No significant association was observed between age, sex, ECOG PS, smoking history, histological tumor type, PD-L1 expression or line of the therapy and ORR (Table II) However, some clinical characteristics of the patients demonstrated statistically significant associations with PFS or OS. Median PFS was significantly longer in patients with good performance status (ECOG 0/1 vs. 2/3: 6.0 vs. 3.6 months, respectively; P<0.0001) (Fig. 1A). This association was also maintained for OS (15.8 vs. 9.8 months, P=0.003) (Fig. 2A).

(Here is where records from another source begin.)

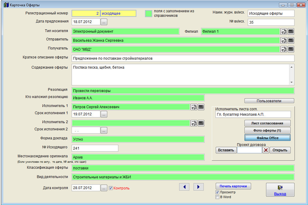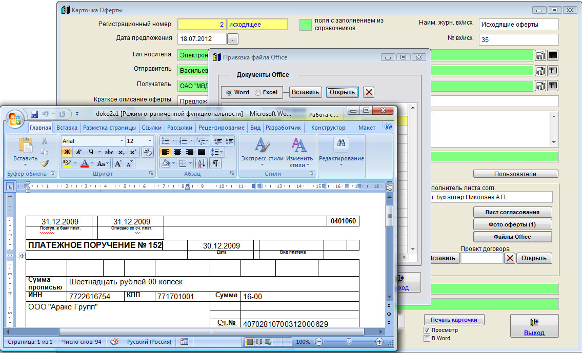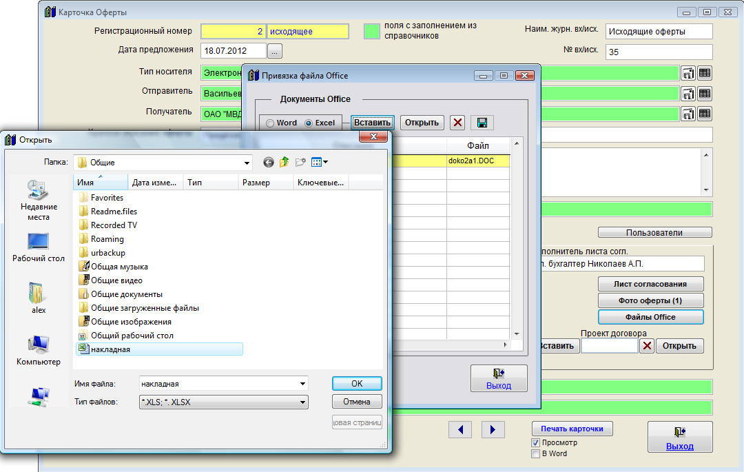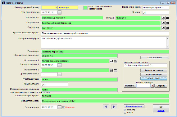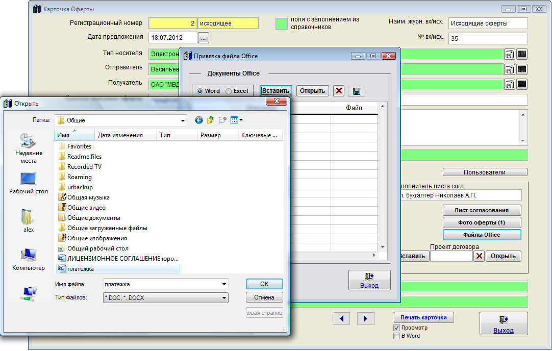 Для прикрепления файлов Word и Excel нажмите кнопку "Файлы Office" в карточке коммерческого предложения (в группе кнопок в правой части карточки).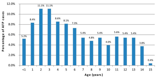 Percentage of AFP cases by age.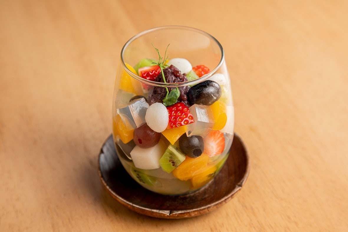 A sobremesa será a Anmitsu (com pêssego, uvas moscato e frutas da estação) com kanten (gelatina a base de algas marinhas), azuki (tipo de feijão japonês) e kibi dango (bolinho doce feito com açúcar, farinha de arroz e milhete), finalizada com calda de especiarias.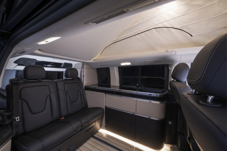 · Novo conceito de iluminação: A iluminação ambiente LED no teto elevável proporciona vários ambientes, selecionáveis pelo utilizador – desde luz fria e energizante, até tons quentes e acolhedores – conforme os desejos dos ocupantes. Além disso, um novo teto de abrir deslizante permite a entrada de mais luz natural e de ar fresco no interior. À noite, proporciona uma vista desimpedida para contemplar o céu estrelado.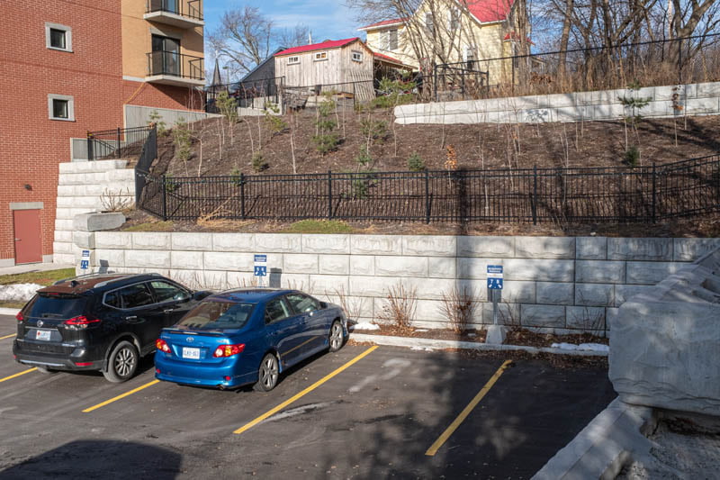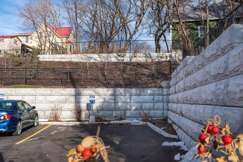 Today, the wall stands proud as one of MCON’s first terraced Stone Strong walls.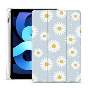 MAYCARI White Daisy Case for iPad 10.2 inch 2021/2020/2019 with Pencil Holder, Cute for iPad 9th/8th/7th Generation Protective Case with Soft TPU Back, Auto Sleep/Wake Cover Slim Shell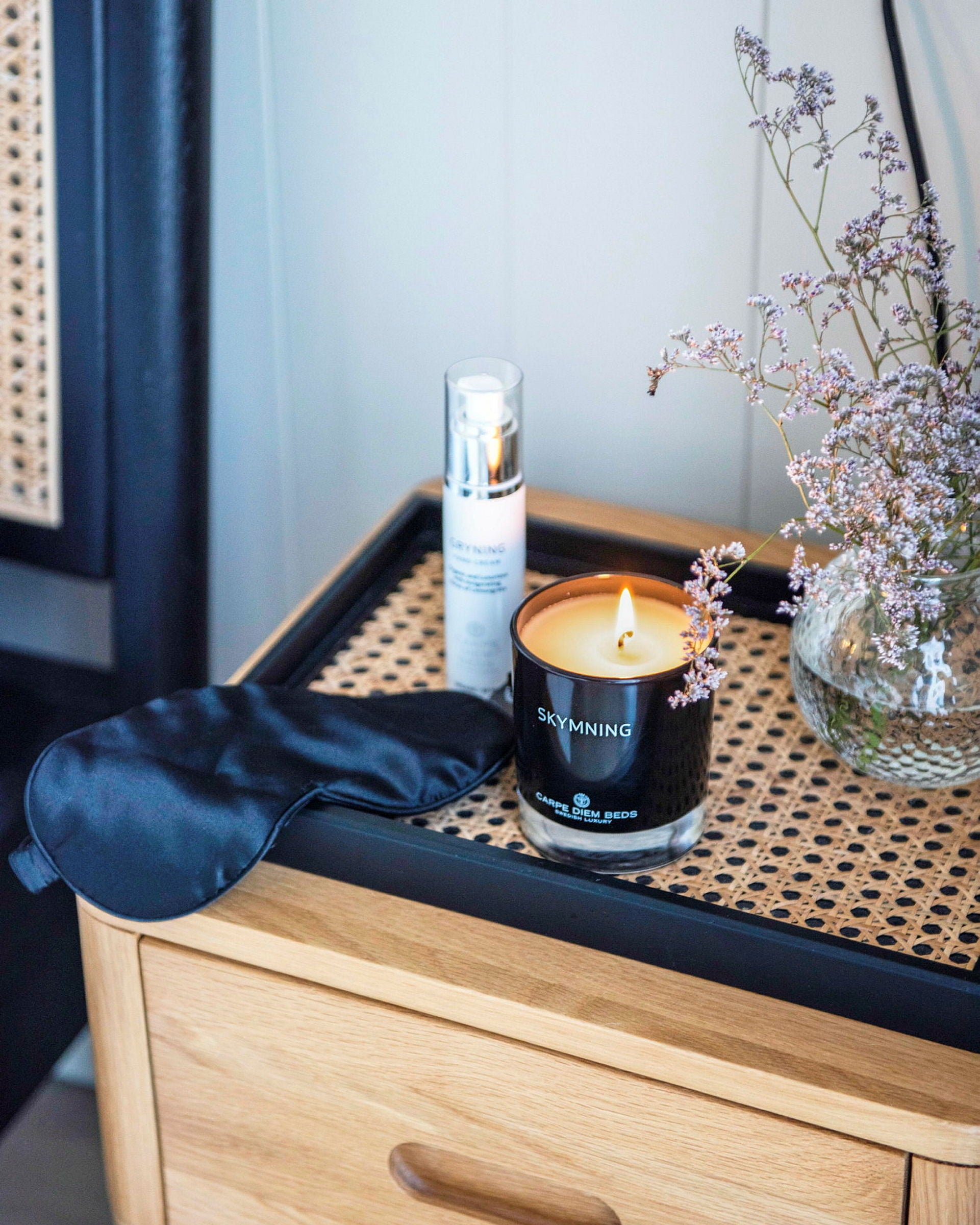 Luxurious hand-made scented candle in a glass holder. This organic soy wax scented candle has fragrance notes of rose, grapefruit, jasmine and cedar. Weight: 260 g.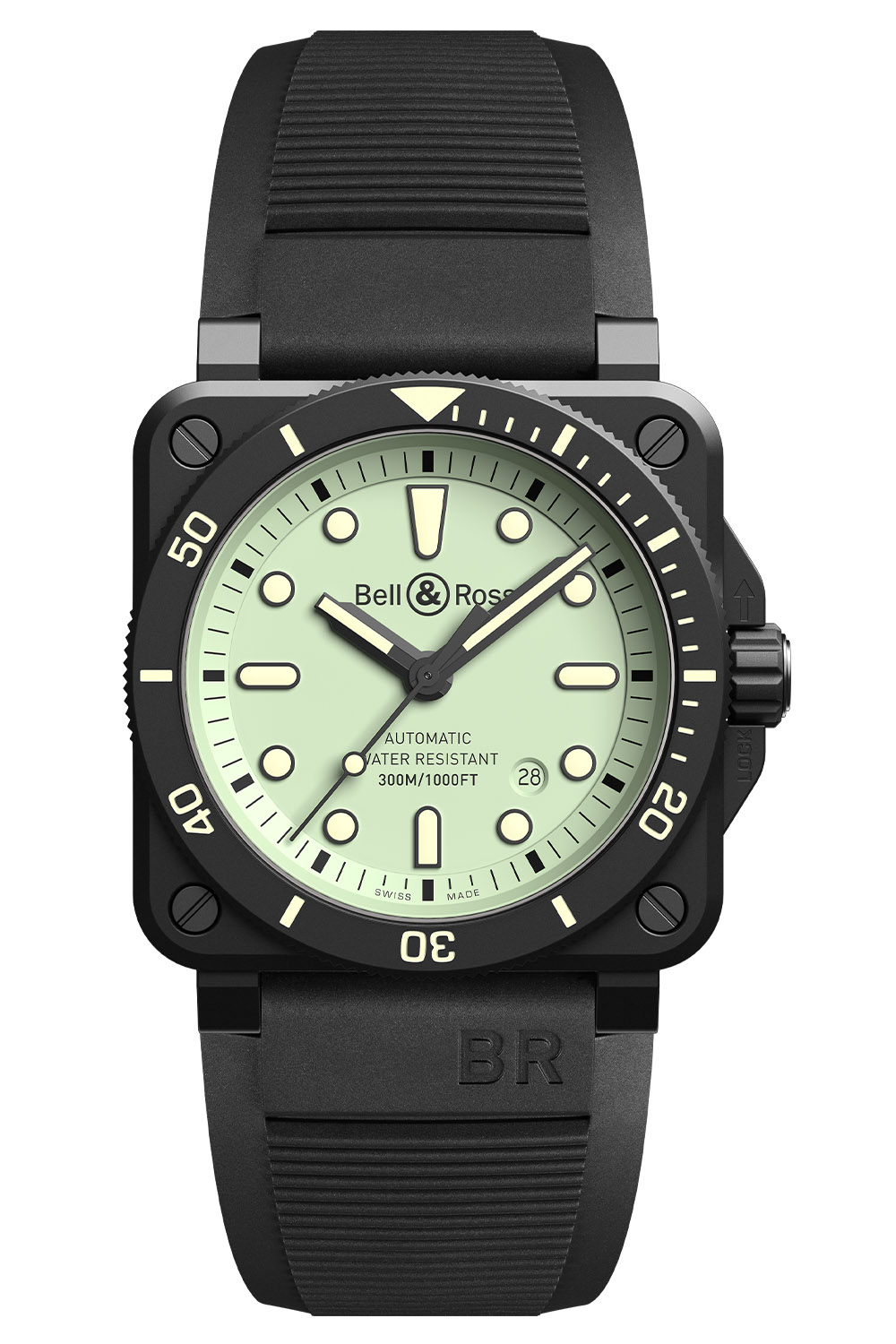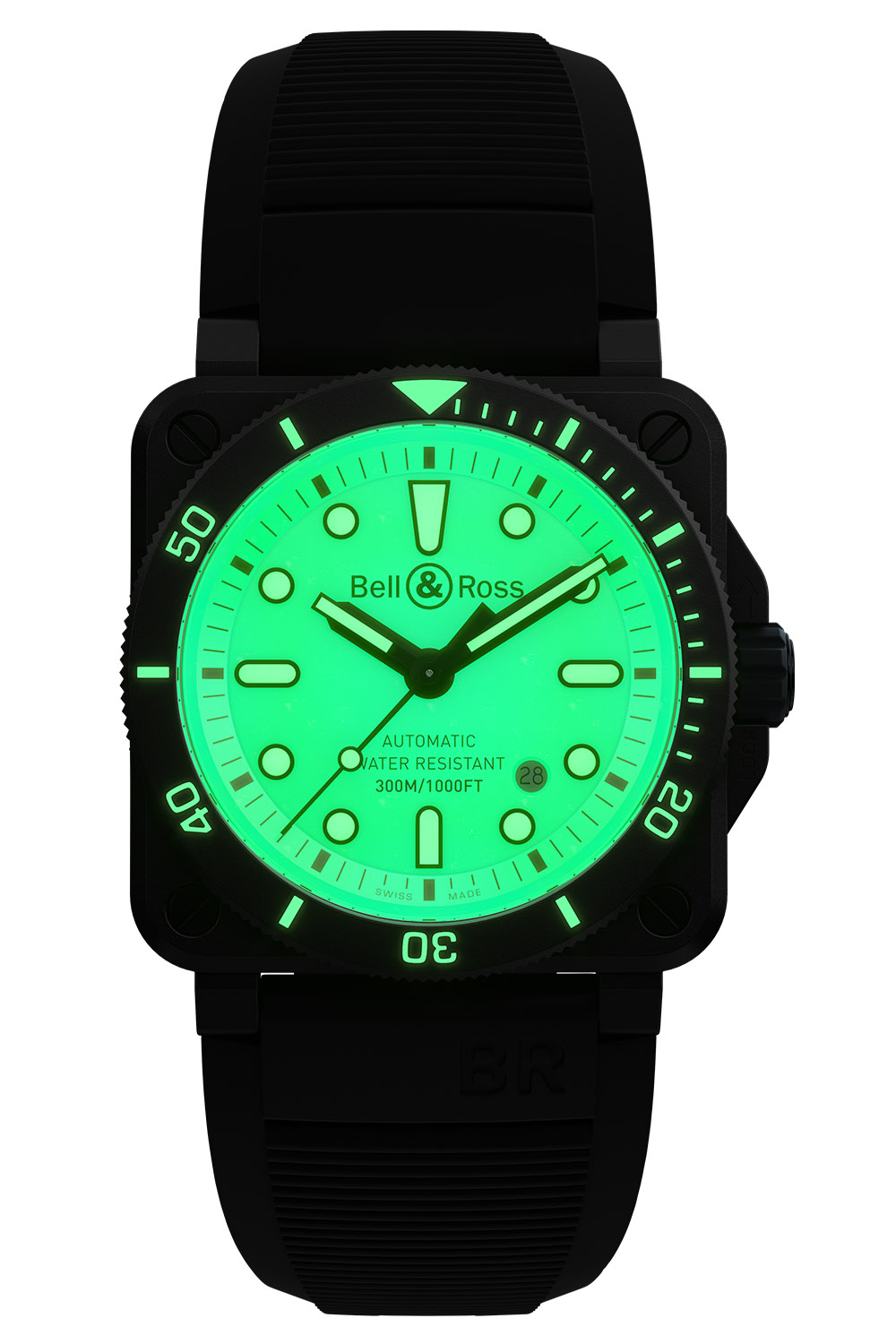 Fitting a circle within a square is no simple task… And when you add the fundamental elements of a dive watch to the mix, including the required rotating bezel, this makes the task even more complex. Yet, this is what Bell & Ross has done with its BR 03-92 Diver, successfully mixing the iconic BR case with diving features. Today, the brand adds its ‘LUM’ concept to this watch, with the new Bell & Ross BR 03-92 Diver Full Lum… Shine a light!

The median PFS and OS were significantly longer in ever-smokers compared with never-smokers [PFS: 11.3 vs. 4.0 months, P<0.0001 (Fig. 1B); OS: 16.6 vs. 9.9 months, P=0.008 (Fig. 2B)]. Presence of liver metastases was associated with shorter PFS [3.6 vs. 5.1 months, P=0.004 (Fig. 1C)], however this trend did not reach statistical significance for OS (P=0.084) (Fig. 2C). In addition, no relationship was observed between histological tumor type (squamous cell carcinoma vs. non-squamous cell carcinoma) and PFS (P=0.239) and OS (P=0.378) (data not shown).

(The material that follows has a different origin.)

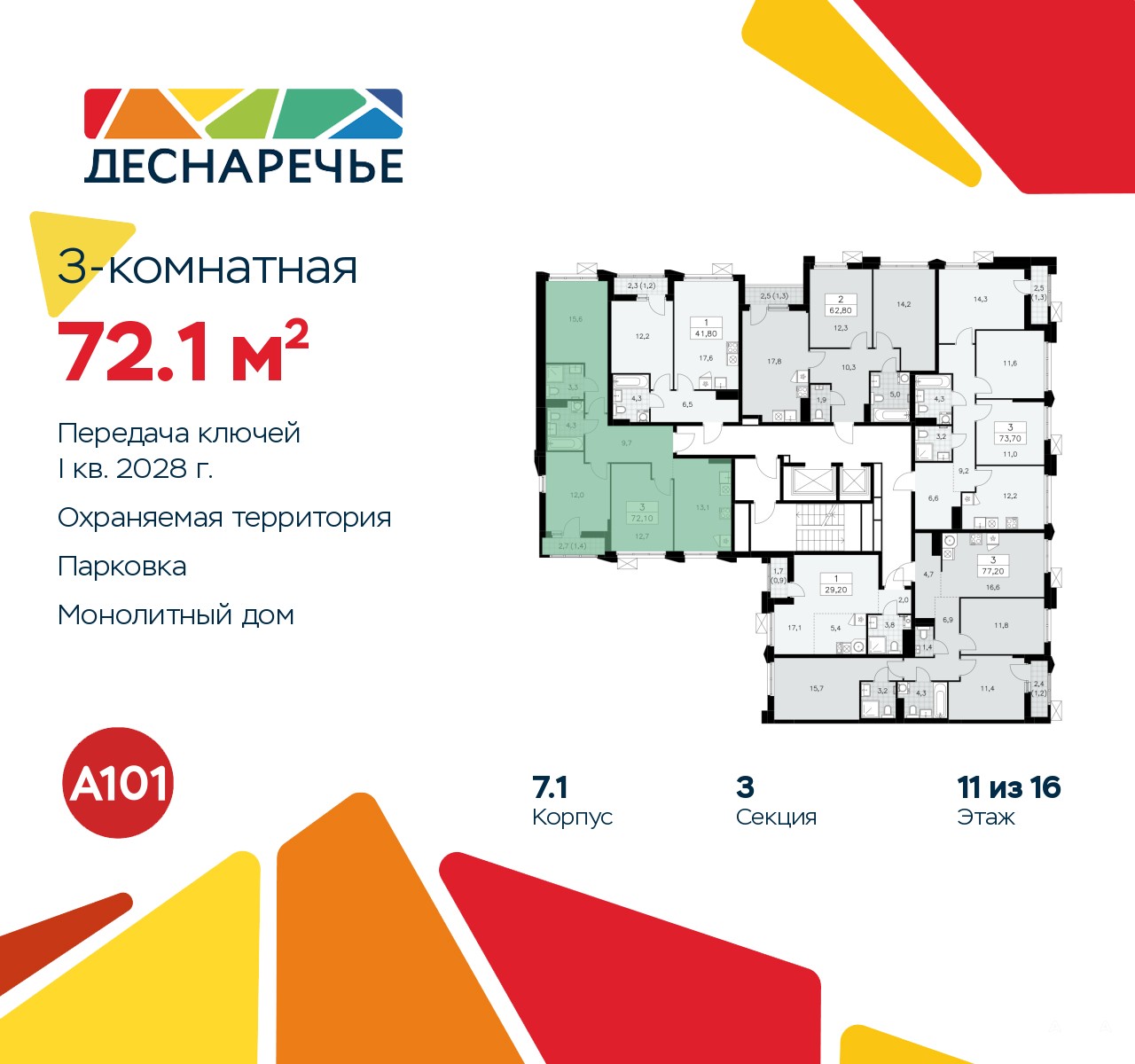 3-комн. квартира от застройщика в ЖК "Деснаречье" на 11 этаже. Квартира без отделки, полностью готова к чистовой отделке и дальнейшему ремонту. Общая площадь: 72.1 кв.м., жилая: 40.38 кв.м., площадь просторной кухни-столовой: 13.1 кв.м. Квартира без проходных комнат, окна выходят нa три cтopoны дома. В квартире одна лоджия, два совмещенных санузла. Высота потолков 2.95 м.

PD-L1 expression status was known for 114 patients with patients with NSCLC treated by ICI therapy. The optimal cut-off value for tumor PD-L1 expression was determined as ≥1% for both PFS and OS. There was no statistically significant relationship between PD-L1 expression ≥1% and longer PFS (5.6 vs. 4.1 months, HR 1.25; 95% CI, 0.89-1.83; P=0.216) (Fig. 3A) and OS (14.6 vs. 10.9 months; HR 1.33; 95% CI, 0.90-1.99; P=0.151) (Fig. 4A). Furthermore, stratification into three categories of PD-L1 expression (<1%, ≥1-49% and ≥50%) did not reveal a significant association with PFS (P=0.354) and OS (P=0.413) (data not shown).

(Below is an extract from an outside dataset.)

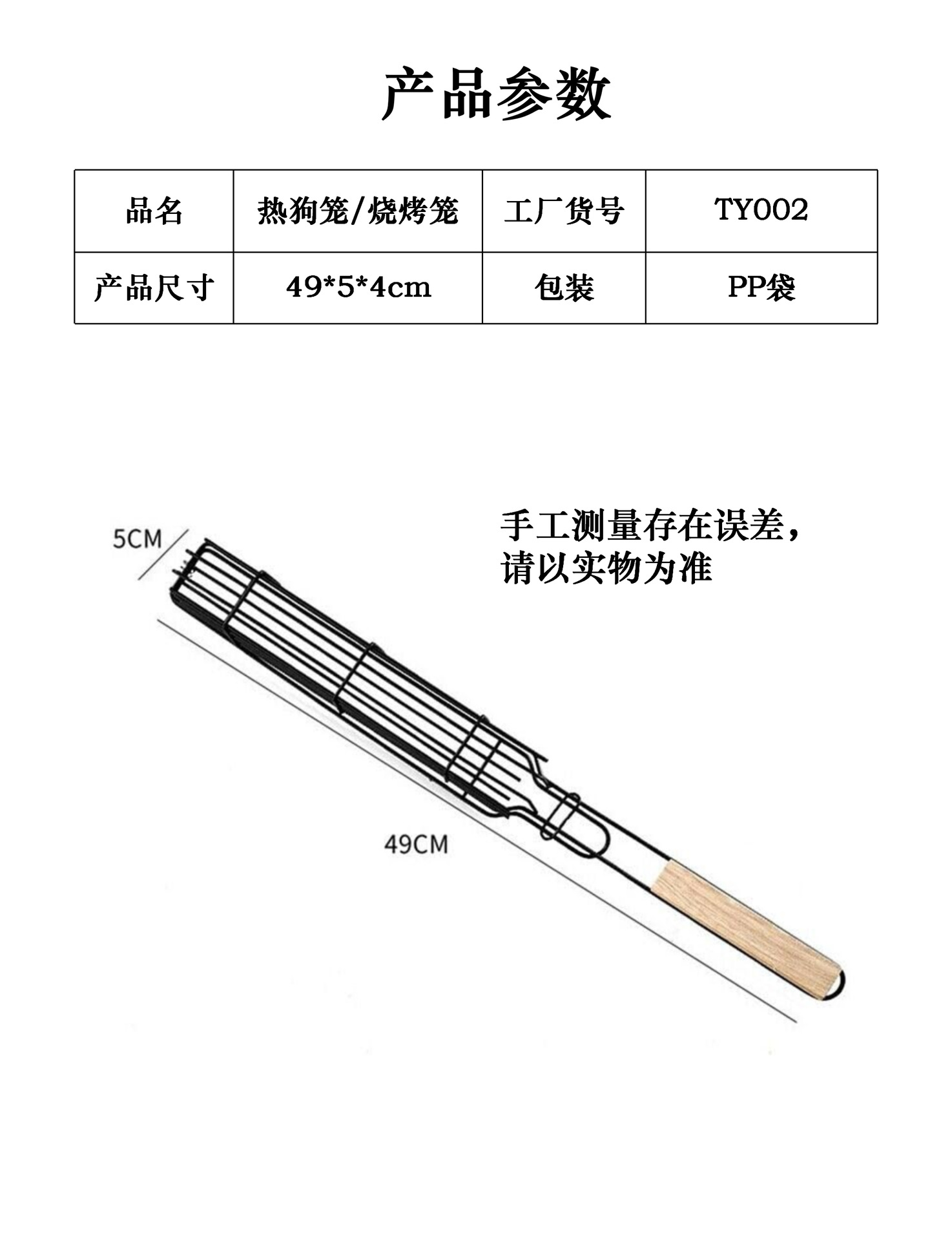 木柄热狗笼烧烤篮烧烤网蔬菜香肠烧烤夹折叠网架香肠夹户外露营

irAEs were observed in 71/181 (39%) patients with NSCLC receiving second or subsequent lines of ICI (Table I). Grade ≥3 toxicity was detected in 12/71 patients (17%) (Table I). The most common irAEs were thyroid dysfunction [25/71 (35%)], skin reactions [17/71 (24%)], pneumonitis [8/71 (11%)] and hepatitis [6/71 (8%)] (Table I). The presence of irAEs was associated with prolonged OS (18.5 vs. 11.3 months, P=0.011) (Fig. 2D), but not with increased PFS (P=0.098) (Fig. 1D). In addition, no significant association was observed between irAEs and ORR (Table II).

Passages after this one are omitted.